FDA: ERCP Endoscopes Pose Unique Reprocessing Challenges

Effective reprocessing of endoscopes that are used in endoscopic retrograde cholangiopancreatography (ERCP) procedures requires continued vigilance to prevent dangerous infections, according to a US Food and Drug Administration (FDA) advisory panel that met today and yesterday.

The Gastroenterology and Urology Devices Panel of the Medical Devices Advisory Committee met to discuss the unique challenges associated with reprocessing ERCP endoscopes.

At least six outbreaks ― some lethal ― have occurred within recent years despite proper adherence to manufacturers’ instructions and recommendations from professional organizations about the reprocessing of duodenoscopes. Most concerning is that infections have been linked to rare bacteria, especially multidrug-resistant organisms.

More than 600,000 ERCP procedures are performed in the United States each year. In ERCP, a specially trained physician threads a duodenoscope through the esophagus, stomach, and duodenum, then injects contrast media directly into the biliary tree to visualize the biliary and pancreatic duct anatomy. This allows the physician to assess for obstruction or narrowing of the ducts caused by cancer, gallstones, inflammation, infection, or other disorders. The procedure can enable immediate and sometimes life-saving treatment.

The duodenoscope is a reusable, flexible, lighted tube with a hollow channel that enables other instruments to be inserted through it for tissue sampling and treatment of some abnormalities. Its unique features make it difficult to reprocess so that it can be used in subsequent patients. Duodenoscopes have many small parts that are hidden and can be difficult to reach; therefore, meticulous reprocessing is necessary to avoid transmitting infections to subsequent patients.

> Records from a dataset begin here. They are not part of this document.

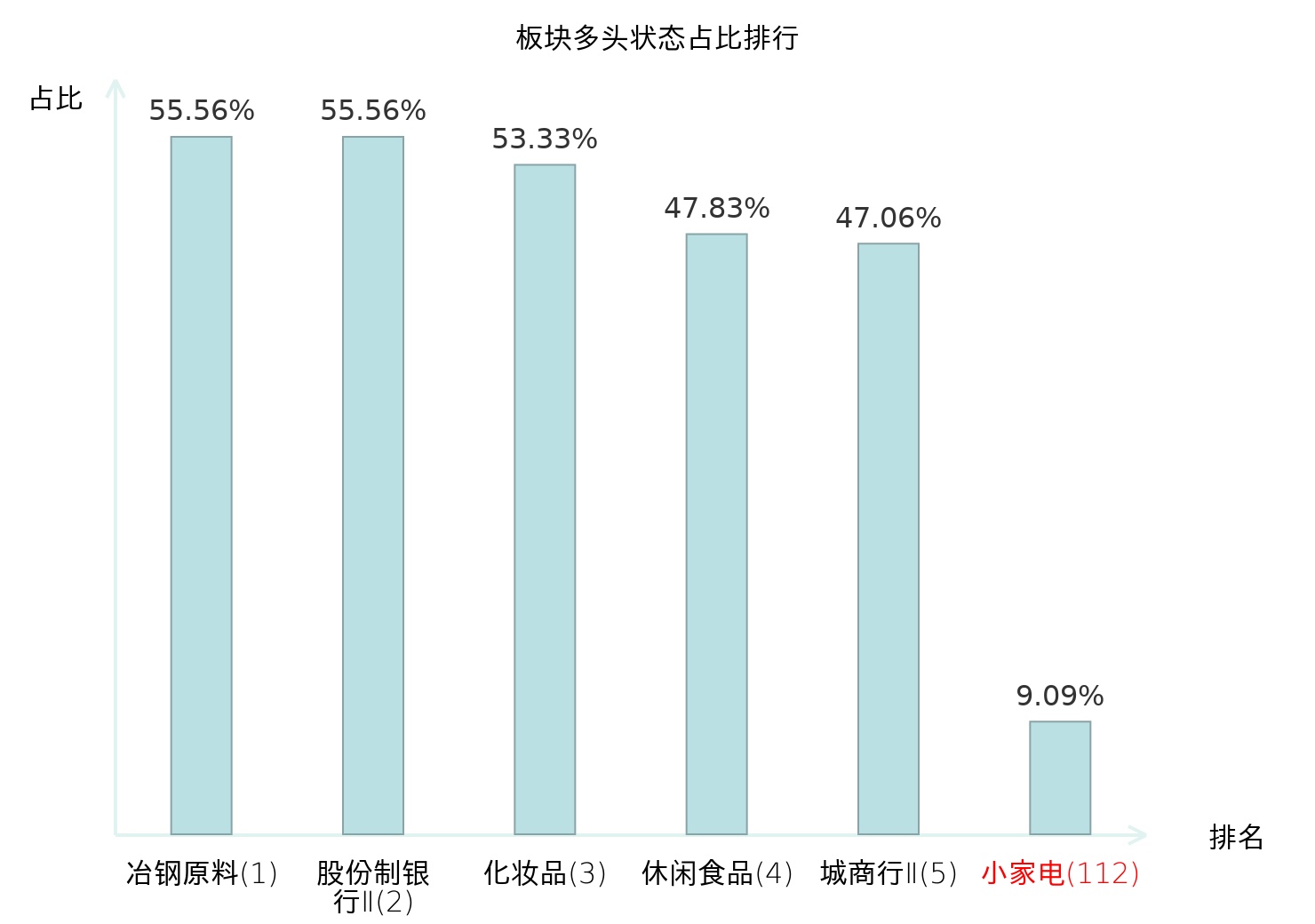 全市场所有行业板块中主力多头状态占比排名中,冶钢原料板块位居第一。其他家电Ⅱ板块名次提升最快,较昨日上升105位。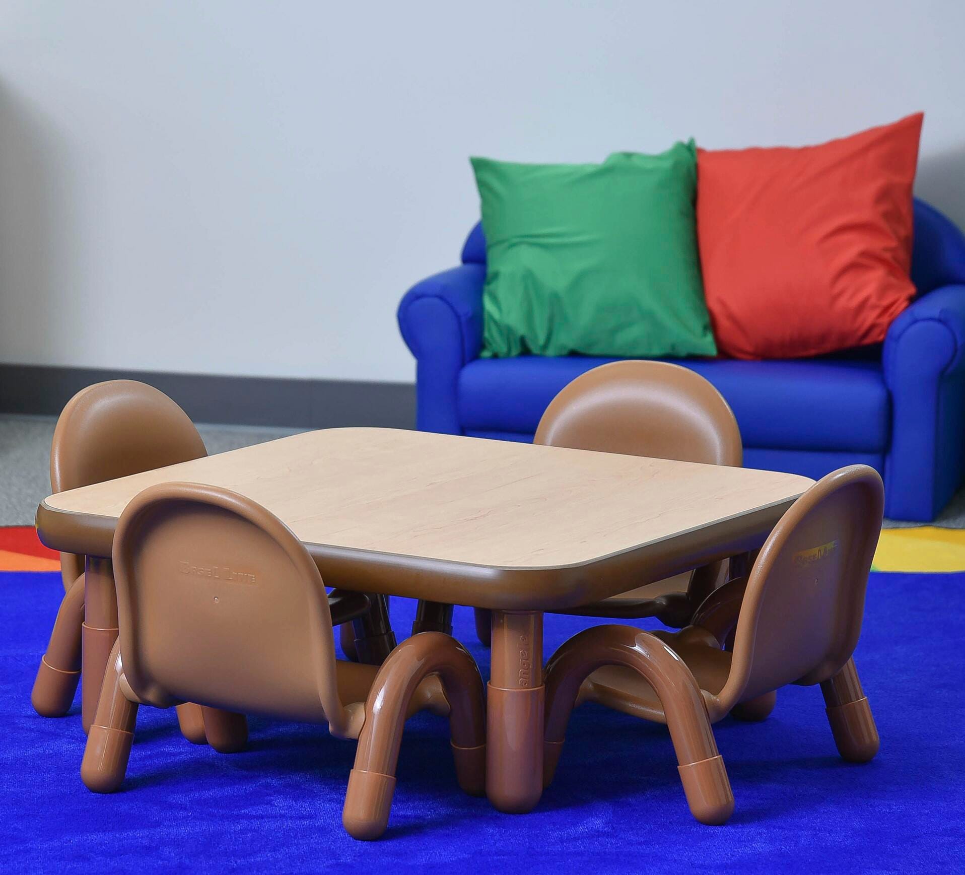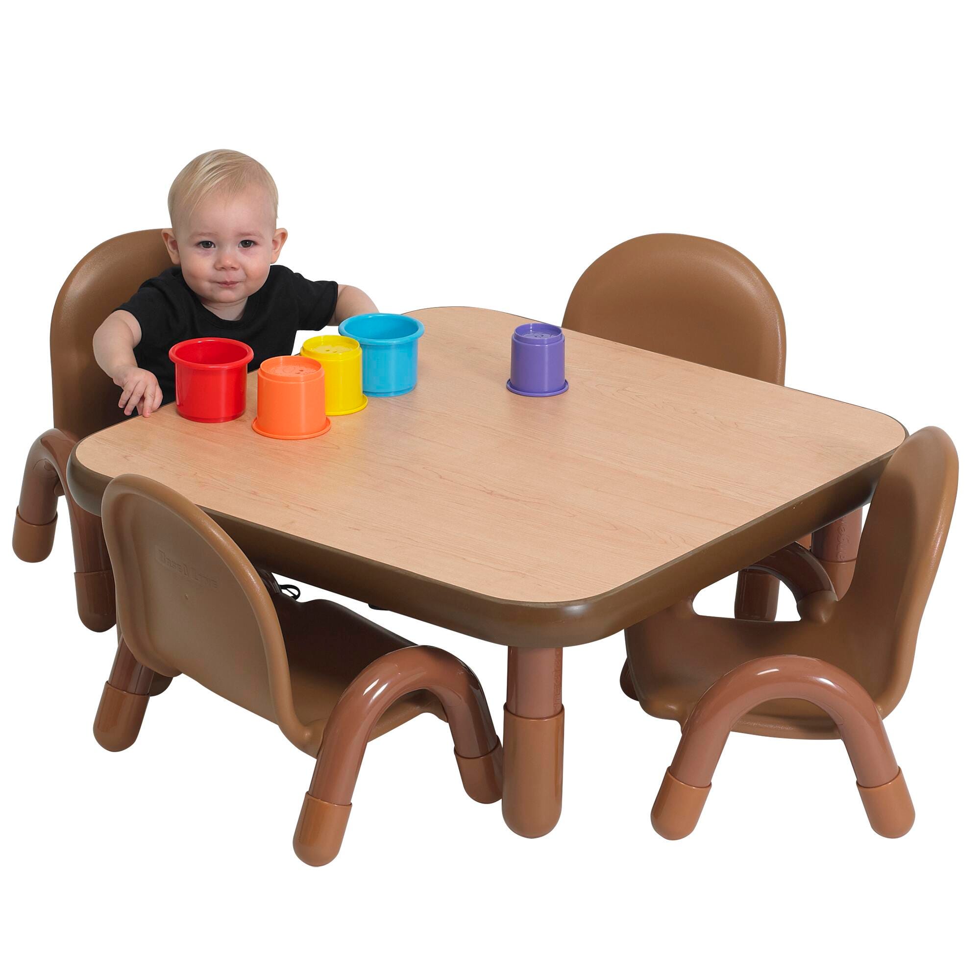 Angeles BaseLine Toddler Table and Chair Set includes 30 W x 30 D x 12 H inches natural, square table and four 5 inch high chairs, each in carmel brown.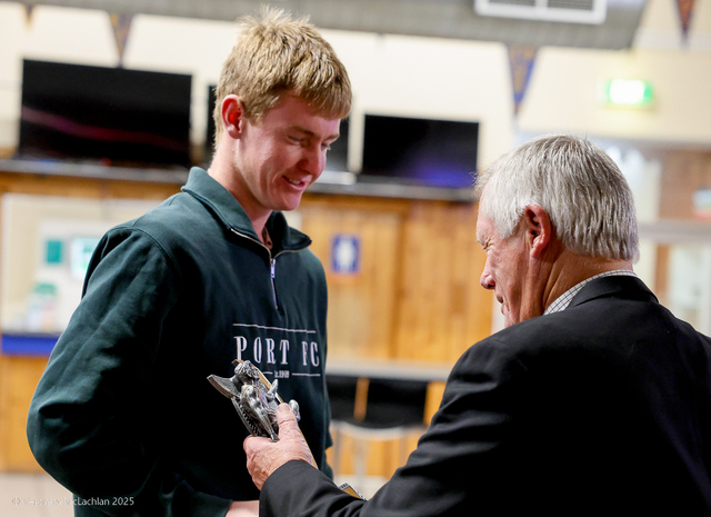 Brock Johanning receiving his leading goal kicker award for u18s from Les Promnitz at the 2025 Madigan Medal count (Victoria McLachlan: 502255_02)

Several reasons may account for why outbreaks have occurred. Insufficient manual cleaning, failure to follow the manufacturer’s recommended cleaning instructions, or failure to use enough disinfectant may be to blame. Some infections have been linked to contamination from tap water or irrigating solutions. Finally, improper use of automated endoscope reprocessors (AERs), inadequate drying, and defective equipment may all play roles.

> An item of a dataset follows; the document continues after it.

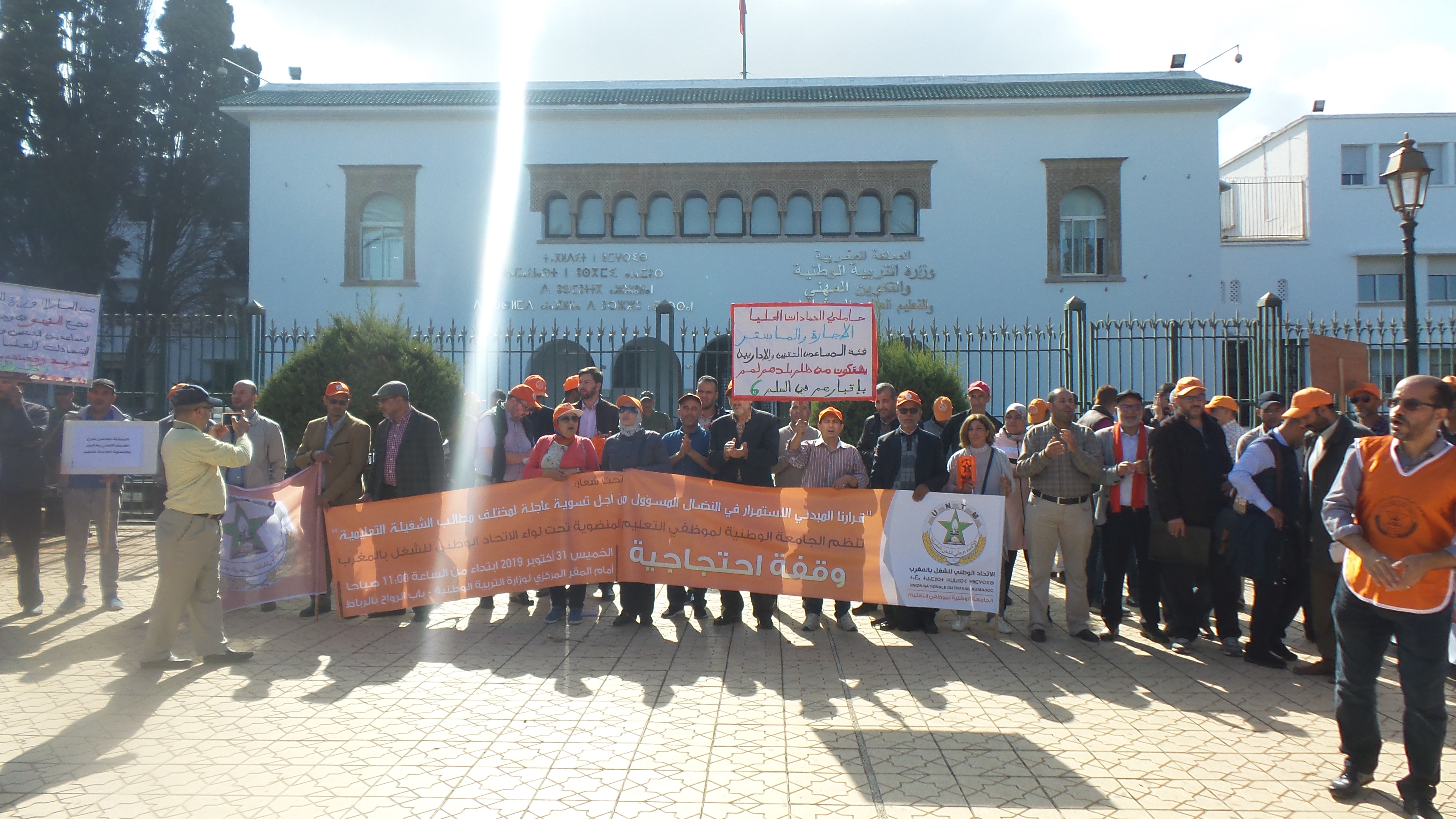 نظم مناضلو ومناضلات الجامعة الوطنية لموظفي التعليم المنضوية تحت لواء الاتحاد الوطني للشغل بالمغرب، الخميس 31 أكتوبر 2019 وقفة احتجاجية حاشدة أمام مقر وزارة التربية الوطنية بالرباط، احتجاجا على تماطل الوزارة في الاستجابة للمطالب المشروعة والعادلة للأسرة التعليمية.

One issue is that the design of duodenoscopes may make it difficult to properly reprocess them. Some hospitals use high-level disinfection, which involves use of chemical disinfectants that may not necessarily kill all organisms. Duodenoscopes can be damaged by the high heat commonly used with steam sterilization. Some hospitals use chemical sterilization with ethylene glycol, which raises the issue of toxicity and worker safety.

Even when duodenoscopes are cleaned properly, they may be rinsed improperly with tap water or other liquids, introducing new bacteria. Another issue concerns storage and transfer of the duodenoscopes to the operating room after cleaning, also potential sources of contamination. A third issue concerns proper drying of duodenoscopes and the potential for biofilm formation. Biofilms need water for survival and could potentially contaminate duodenoscopes.